Купца передернуло. Он хотел плюнуть на дно ямы, но пересохший рот не дал слюны.
Почувствовав присутствие Афанасия, пауки, как по команде, повернулись к нему, ловя в прицел черных, подобных бусинам, немигающих глаз его могучую фигуру. Заверещали и побежали в его сторону, ловко цепляясь за осыпающийся песок крючками на кончиках членистых ног. Несколько теней метнулось к нему по краю ямы.
Афанасий поймал ногами стремена и направил коня, посеревшего от пепла и гари, по едва заметной дороге. Тот, усталый и мучимый жаждой, полетел стрелой, желая убраться из этих проклятых мест.
Пауки кинулись было в погоню, но тотчас поняли ее бесполезность. Остановились, как по команде, и разбежались по своим делам, исчезая между камнями. Только пустые глазницы дочиста обглоданного черепа еще долго смотрели вслед удаляющемуся всаднику.
На следующий день Афанасий увидел стены древнего Баке. Ныне они выглядели не очень внушительно, но лет триста назад, во время строительства, [37] были почти непреодолимой преградой для любой армии.
Толстые, с выносными башнями, они опоясывали город двойным кольцом. У подножия был ров, наполнявшийся водой с помощью специальных механизмов, похожих на те «черпалки», что были у нефтедобытчиков. Вторая стена существенно возвышалась над первой. Гнезда для стрельбы и механизмы опрокидывания вниз горячей смолы сулили врагу много неприятностей.

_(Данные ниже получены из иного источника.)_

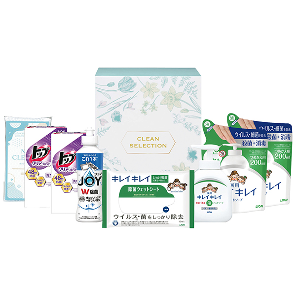●ライオン キレイキレイ薬用液体ハンドソープ250ml(本体)×1、ライオン キレイキレイ薬用液体ハンドソープ200ml(詰替)×2、ライオン キレイキレイ除菌ウェットシート10枚(アルコールタイプ)×1、P&G 除菌ジョイコンパクト170ml×1、ライオン トップクリアリキッド抗菌2P×2、ネットクリーナー1P×1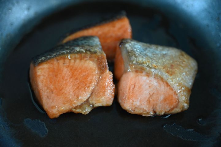 (3)全面に焼き色がついたら、バターとめんつゆを加えて鮭に絡めて完成。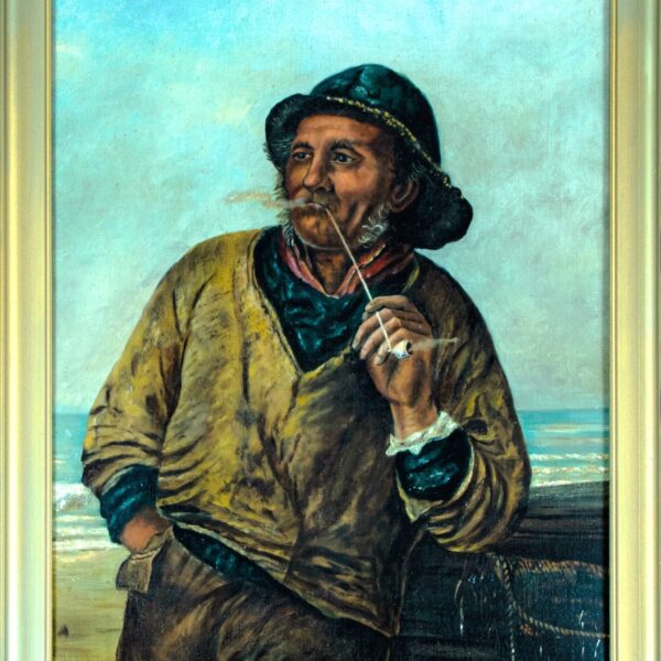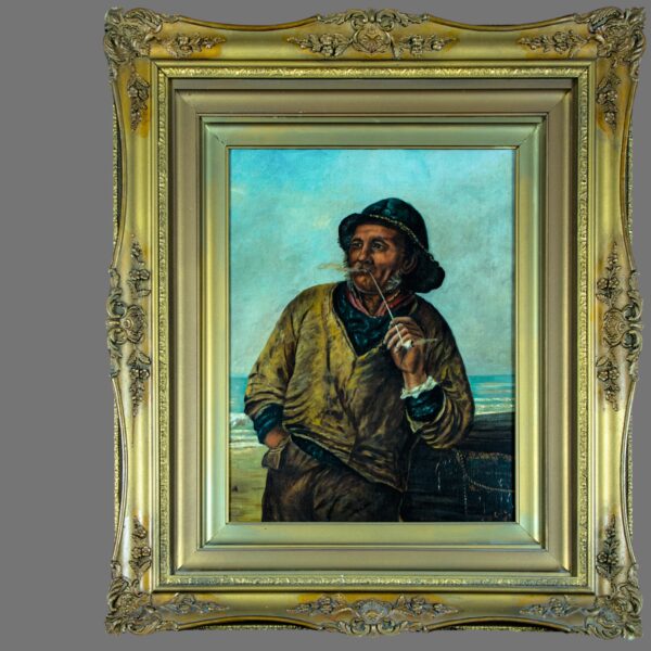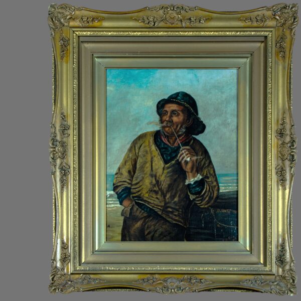 Executed in oil on canvas, the artist employs warm earth tones and confident brushwork to convey both character and atmosphere, with particular attention paid to the sitter’s expressive features and textured clothing. The subject matter reflects the strong popular interest in seafaring life at the turn of the 20th century, when coastal scenes and working-class maritime portraits were widely exhibited and collected in Britain.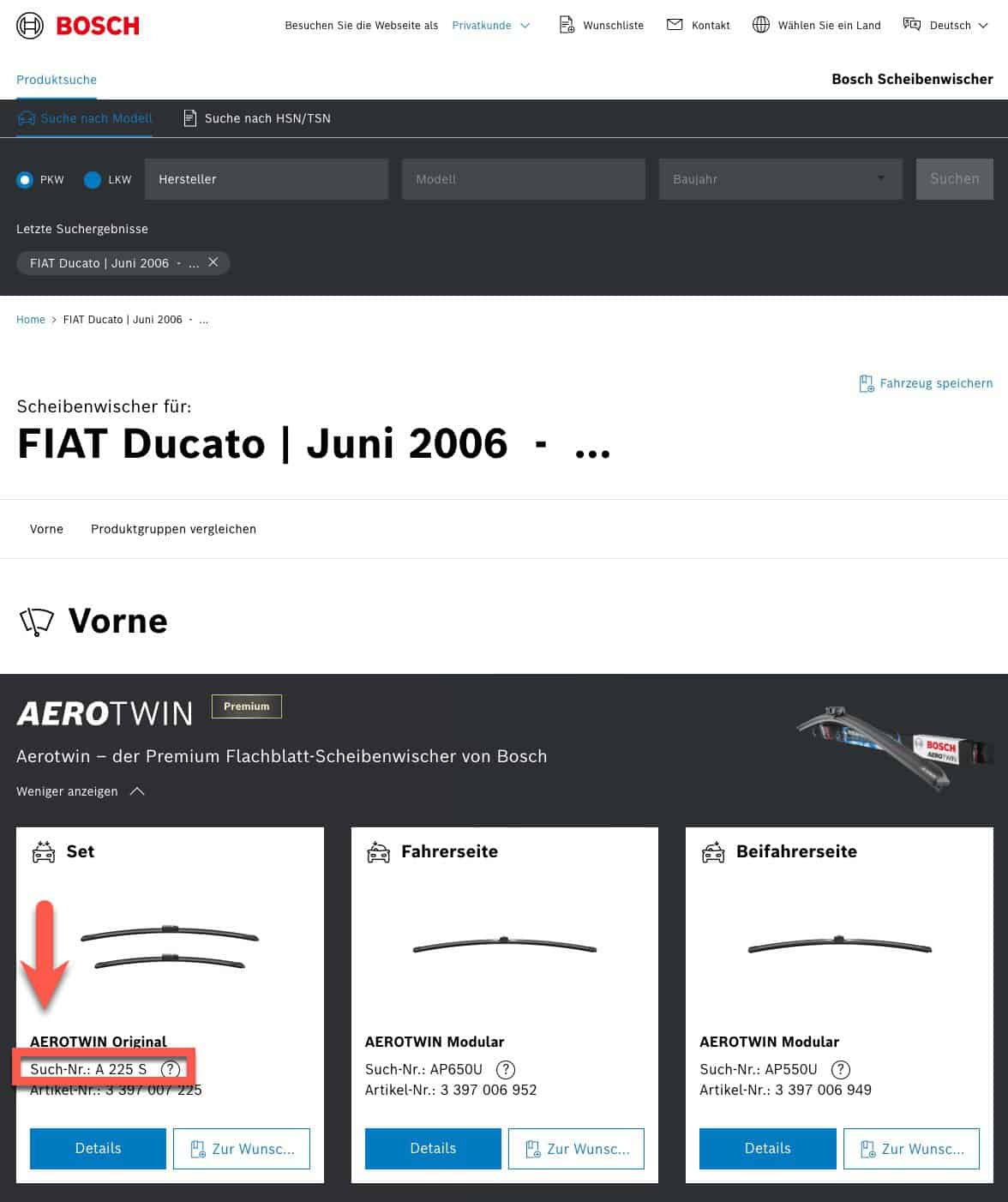 - Fahrzeugdaten auf der Bosch Webseite eingeben.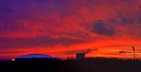 Zonsondergang in Gelsenkirchen boven de Veltins Arena, het Marriot Hotel en de schijnwerpermast van het oude Parkstadion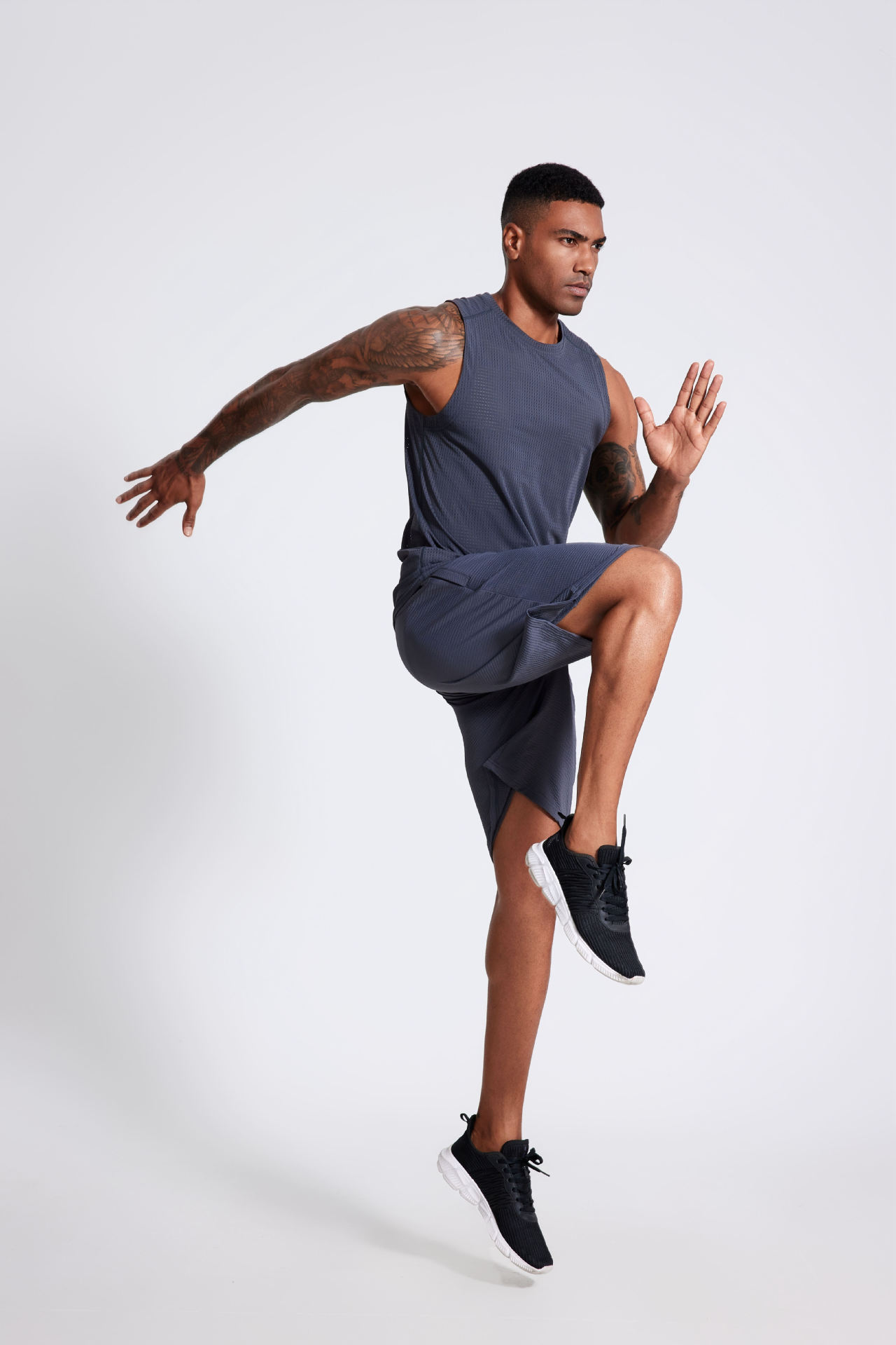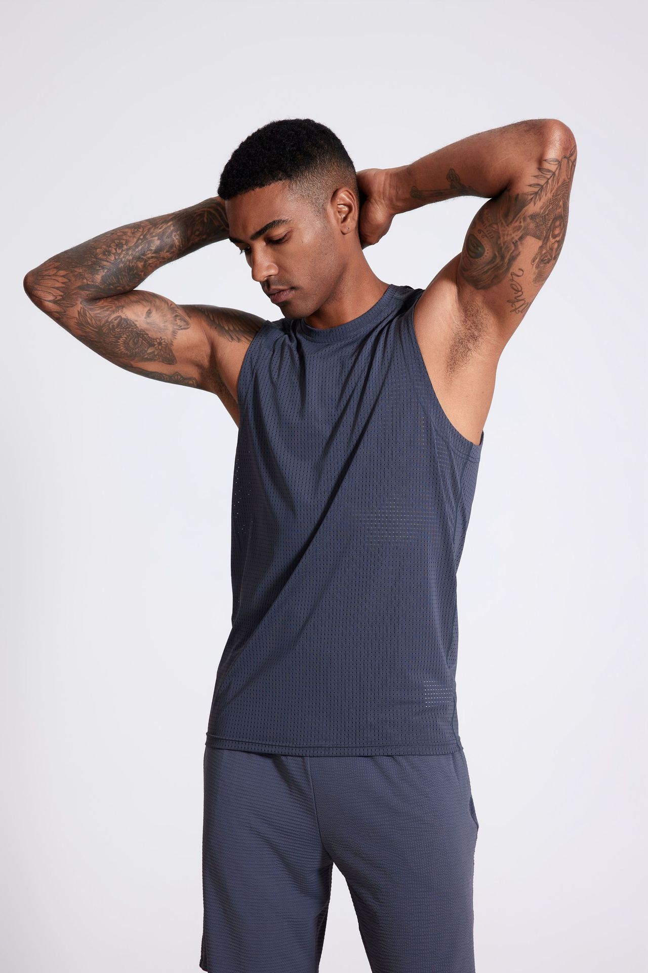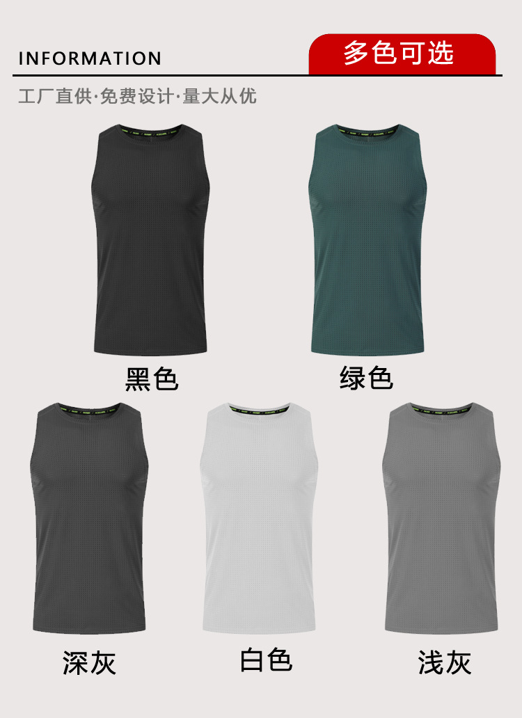 夏季网孔跑步训练透气运动无袖上衣男 健身速干冰丝凉感高弹背心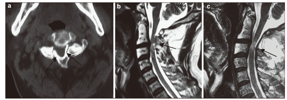 | Figure 4 A 45-year-old man presented with bilateral C3 spondylolysis.(a) Axial CT scan revealed well‐corticated clefts between the bilateral C3 facets (arrows).(b) On sagittial MRI,the canal at the spondylolytic level was narrow and the subarachnoid space disappeared (arrow).(c) Follow‐up MRI showed the subarachnoid space was clear (arrow). |

Афанасий без задержек въехал в город через одни из двух сухопутных — другие три были со стороны моря — ворот, кинув привратнику медяшку из украденных сокровищ.
Улочки Ичери-шехер, внутреннего города, были столь узкими, что и два всадника на них могли разъехаться с трудом. Завидев Афанасия, встречные стремились нырнуть в боковые проходы, чтоб не попасться на глаза хозяину столь прекрасного коня. Лоточники оттаскивали столики со всякой мелочью и вжимались в стены. Даже нищие подбирали ноги и костыли.
Но Афанасий не обращал на них внимания, погруженный в думы о том, куда завела его судьбина и что делать дальше.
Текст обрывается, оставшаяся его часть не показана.